VBM se trompe également quand ils écrivent que le charbon est la seule cause de la couleur de la fonte. "Si dans la fusion de la mine on emploie le moins de charbon qu'il est possible, la fonte est blanche ; elle devient grise lorsque dans la charge du fourneau on a suffisamment augmenté les doses de charbon…" (Mémoire sur le fer de 1786, p. 135)
Ils se trompent encore quand ils disent  que la réduction des fontes blanches a été moins avancée que celle des fontes grises (et donc qu'elles contiennent encore de l'oxygène).
"Les fontes blanches dégagent généralement moins d'air inflammable que les fontes grises…La fonte grise que l'on obtient en forçant les doses de charbon dans la charge du fourneau & en augmentant le vent des soufflets, la réduction est plus avancée qu'elle ne l'est dans la fonte blanche pour laquelle la température dans le fourneau a été moins élevée et la quantité de charbon réducteur moins grande…"(Mémoire sur le fer de 1786, p. 168): une opinion confortée par les informations d' Hassenfratz de retour de Wolfsberg.

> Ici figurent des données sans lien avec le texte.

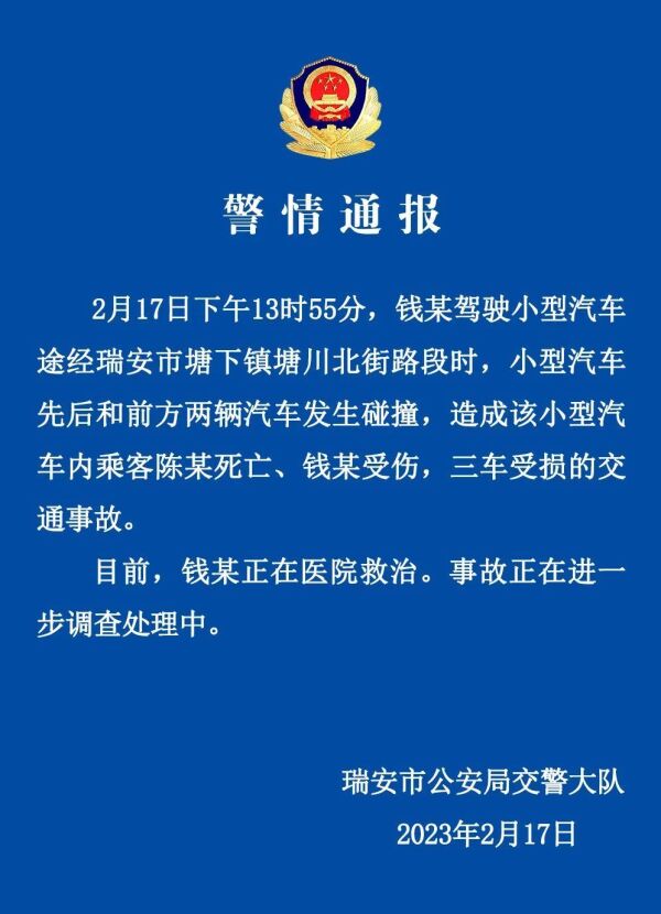 17日晚,警方通报,2月17日下午13时55分,钱某驾驶小型汽车途经瑞安市塘下镇塘川北街路段时,小型汽车先后和前方两辆汽车发生碰撞,造成该小型汽车内乘客陈某死亡、钱某受伤,三车受损的交通事故。目前,钱某正在医院救治。事故正在进一步调查处理中。
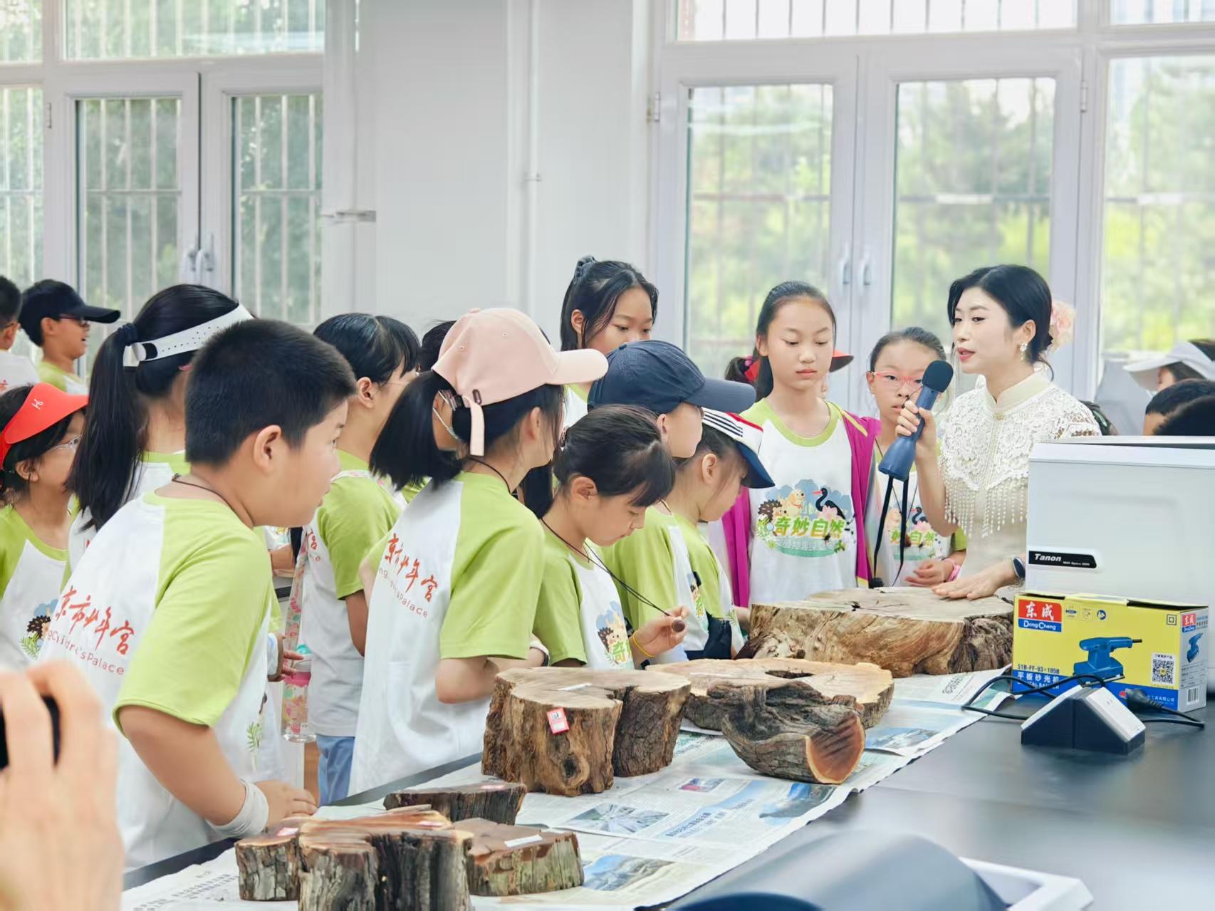 从温暖的陪伴中走出,孩子们跟着袁方老师来到国家林业草原古树健康与古树文化工程技术研究中心。从古树名木的资源情况到年轮的奥秘,袁老师的讲解层层深入。在实验室里,孩子们分组观察年轮样本,用专业仪器诊断古树空腔;室外,他们学习使用树木生长锥钻取木芯样本,通过实践明白了保护古树名木的重要意义,纷纷提出自己的保护设想,将生态保护的意识悄然植入心间。
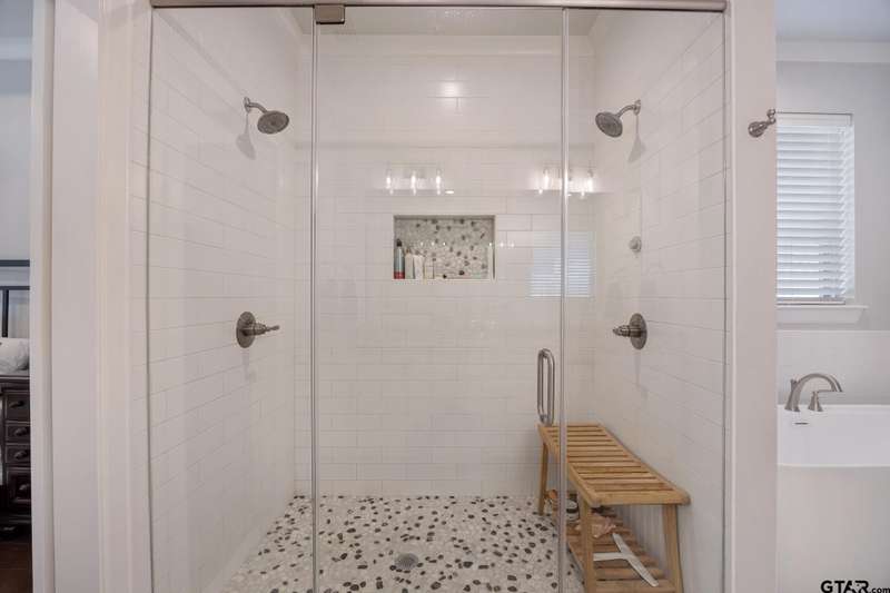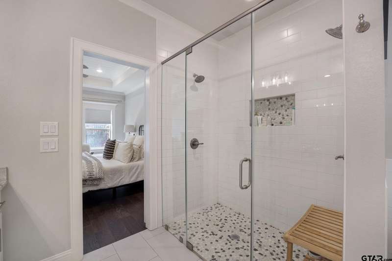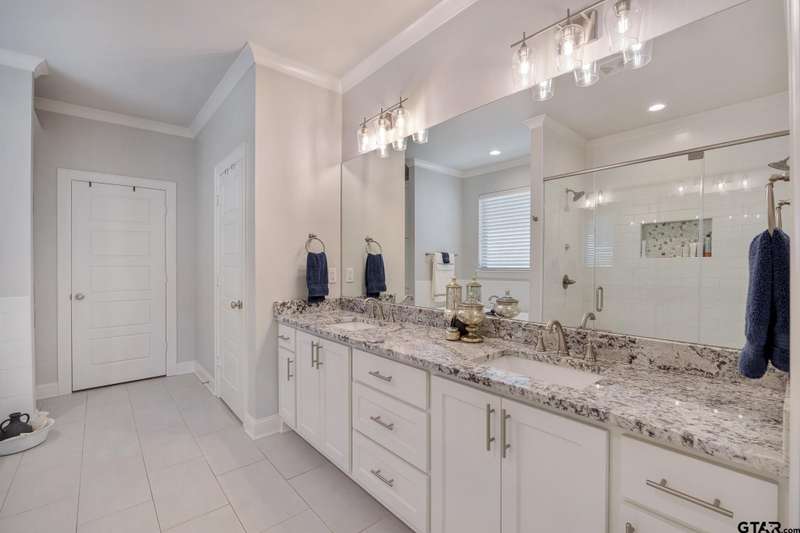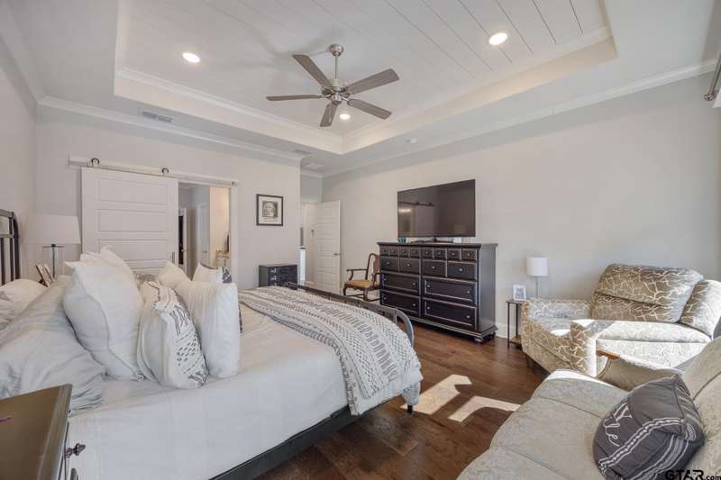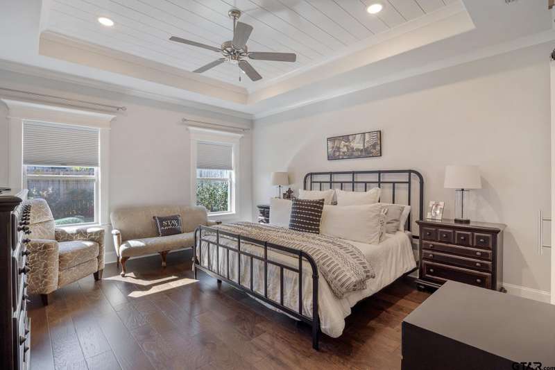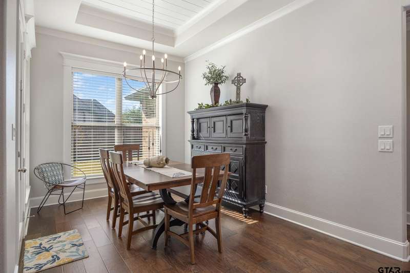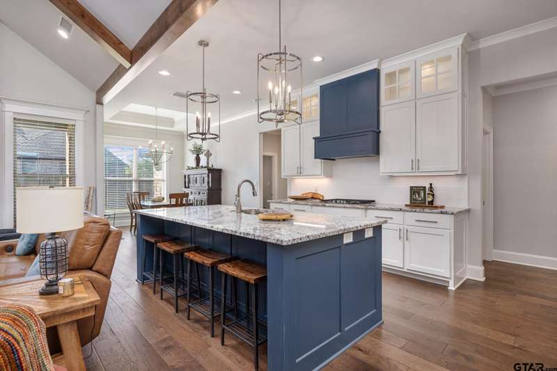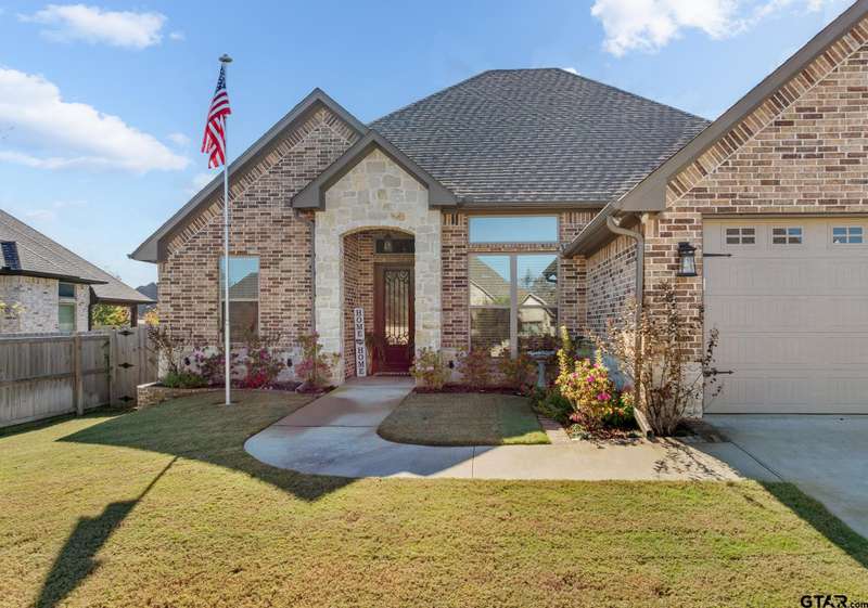 Don't miss this stunning home featuring an open-concept layout and a striking stone fireplace as the centerpiece of the living area. Vaulted ceilings with wood beams, abundant natural light, and thoughtful architectural details create an inviting atmosphere. The kitchen offers a pop of color, under-cabinet and display lighting, plenty of counter space and a spacious walk-in pantry and drop zone nearby for convenience. The primary suite is a true retreat, showcasing wood floors, a shiplap tray ceiling, and a barn door leading to the luxurious en suite with double sinks, a double shower, and a soaking tub. Step outside to a beautifully landscaped backyard oasis with a covered patio and an array of fruit trees and plantings, including blueberries, blackberries, peaches, grapes, pomegranates, figs, and olives. Located in Oak Creek with access to scenic trails and Tyler Athletic & Swim'offering pickleball, tennis, swimming, and fitness facilities'this home perfectly blends comfort, style, and community living.

Par contre ils ont raison d'écrire que le dégagement de gaz inflammable augmente quand la teneur en  carbone  augmente et donc que la teneur en fer diminue: "Nous sommes donc en état  d'expli-quer  pourquoi l'acier à poids égal donne un volume moindre d'air inflammable que le fer doux par sa dissolution dans l'acide vitriolique. 1°. Puisqu'il contient du charbon qui n'est point dans le fer, il s'en suit qu'à poids égal il contient moins de matière métallique …"  (Mémoire sur le fer de 1786, p. 170).
Si leurs premiers postulats sont faux, leur dernière observation est juste,. Pourquoi alors ne pas l'appliquer à la fonte blanche par défaut de réduction et présence d'oxygène dans la fonte plutôt qu'une augmentation (réelle)  de la teneur en carbone ?
Faute de pouvoir contrôler la teneur en carbone des échantillons de fontes dont ils disposent, parce qu'à l'attaque acide ces échantillons ne laissent pas de résidu noir au contraire des fontes grises (Mémoire sur le fer de 1786, p. 176 ),  ils remplacent  le carbone  manquant par un composant autre que le fer : ce composant sera  l'éthiops martial  résultant d'un défaut de réduction du minerai de fer. La lecture de Lavoisier achèvera de les convaincre
"L'éthiops martial obtenu par Mrs Lavoisier et Meunier en calcinant du fer au moyen de la vapeur d'eau, est évidemment un état du fer, moyen entre la fonte blanche et la chaux"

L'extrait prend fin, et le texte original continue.